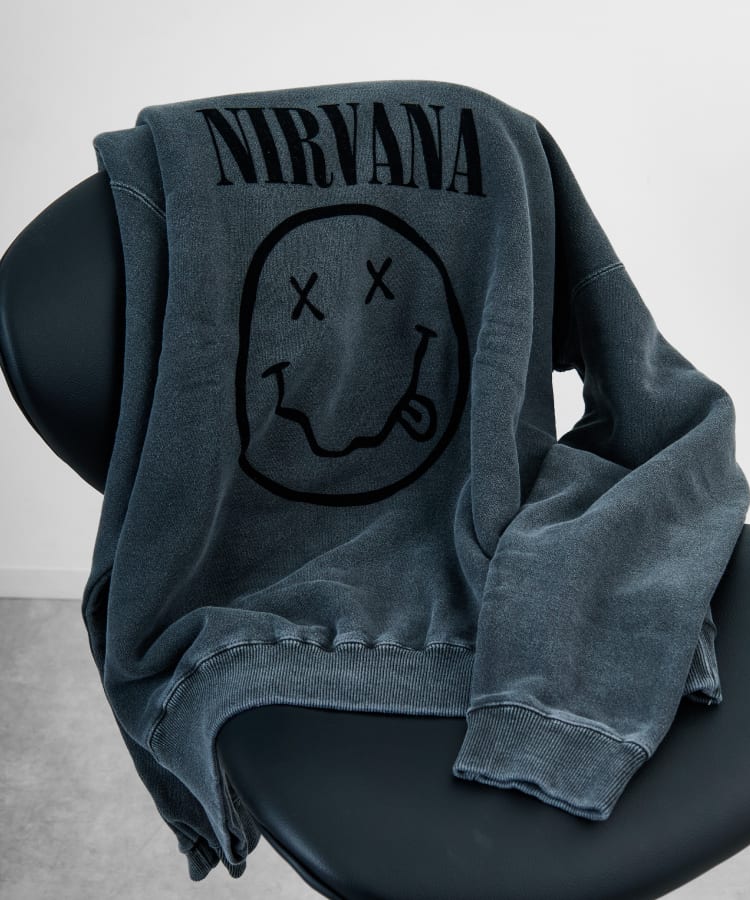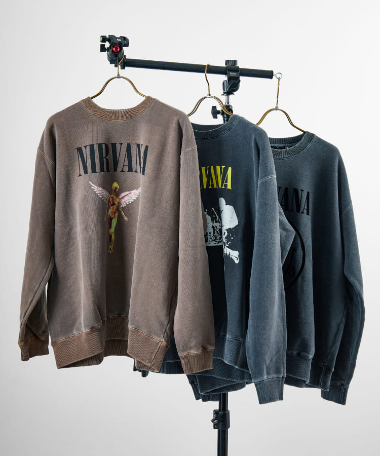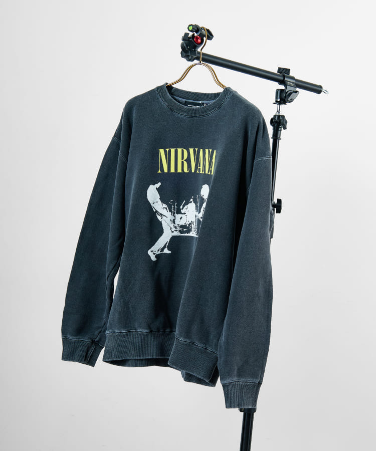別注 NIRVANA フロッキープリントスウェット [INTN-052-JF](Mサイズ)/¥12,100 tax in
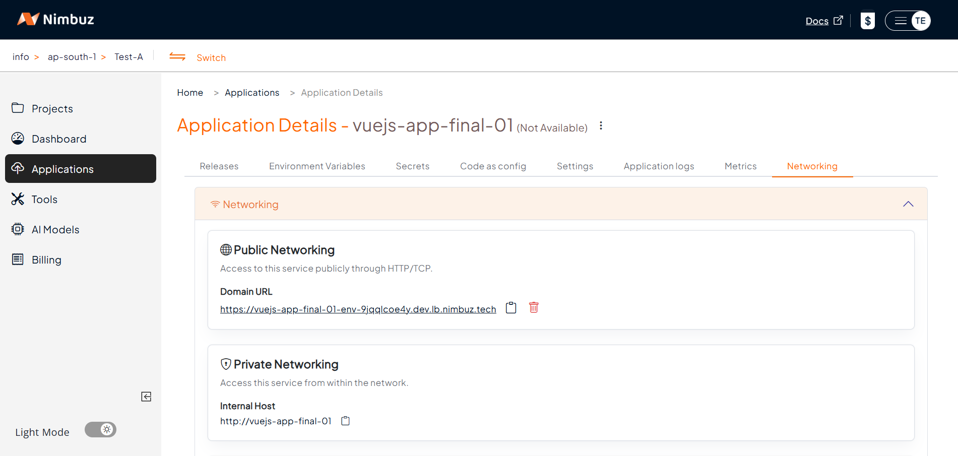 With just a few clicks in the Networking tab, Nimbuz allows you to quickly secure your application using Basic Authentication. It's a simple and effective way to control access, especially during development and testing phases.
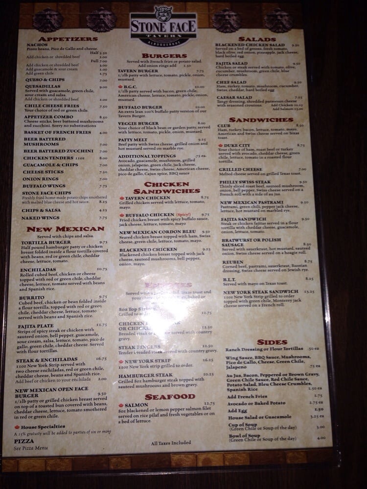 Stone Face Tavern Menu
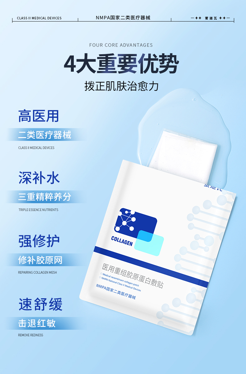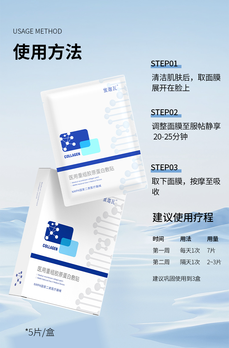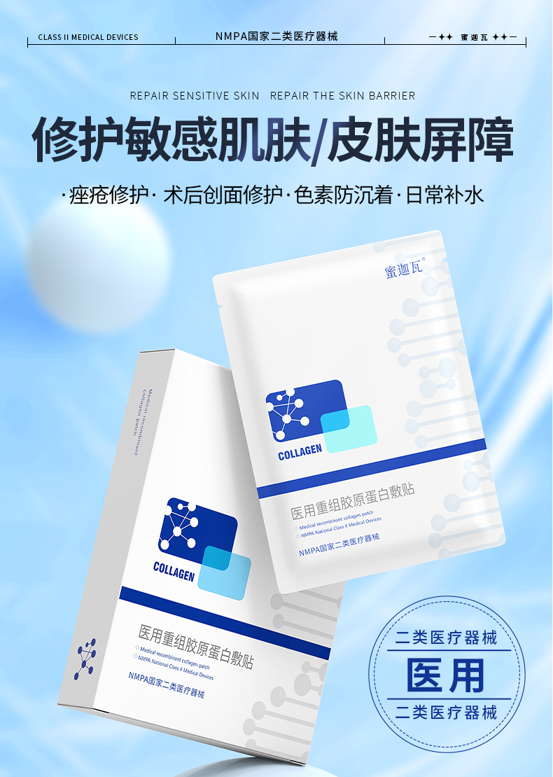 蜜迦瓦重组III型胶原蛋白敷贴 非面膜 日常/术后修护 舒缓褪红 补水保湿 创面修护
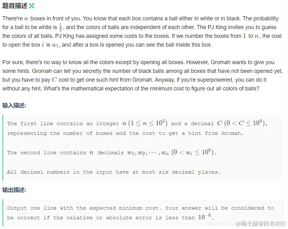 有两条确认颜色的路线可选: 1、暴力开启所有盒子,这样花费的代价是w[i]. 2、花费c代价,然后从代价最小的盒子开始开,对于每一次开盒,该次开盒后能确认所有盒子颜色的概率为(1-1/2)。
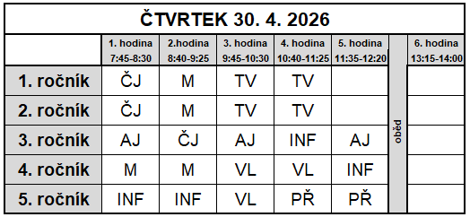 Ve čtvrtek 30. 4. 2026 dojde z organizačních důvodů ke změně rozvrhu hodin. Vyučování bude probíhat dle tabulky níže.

•••

== Work to be completed ==
Leave out the pictures and output the rest of the records exactly.

== Written solution ==
別注 NIRVANA フロッキープリントスウェット [INTN-052-JF](Mサイズ)/¥12,100 tax in
 With just a few clicks in the Networking tab, Nimbuz allows you to quickly secure your application using Basic Authentication. It's a simple and effective way to control access, especially during development and testing phases.
 Stone Face Tavern Menu
 蜜迦瓦重组III型胶原蛋白敷贴 非面膜 日常/术后修护 舒缓褪红 补水保湿 创面修护
 有两条确认颜色的路线可选: 1、暴力开启所有盒子,这样花费的代价是w[i]. 2、花费c代价,然后从代价最小的盒子开始开,对于每一次开盒,该次开盒后能确认所有盒子颜色的概率为(1-1/2)。
 Ve čtvrtek 30. 4. 2026 dojde z organizačních důvodů ke změně rozvrhu hodin. Vyučování bude probíhat dle tabulky níže.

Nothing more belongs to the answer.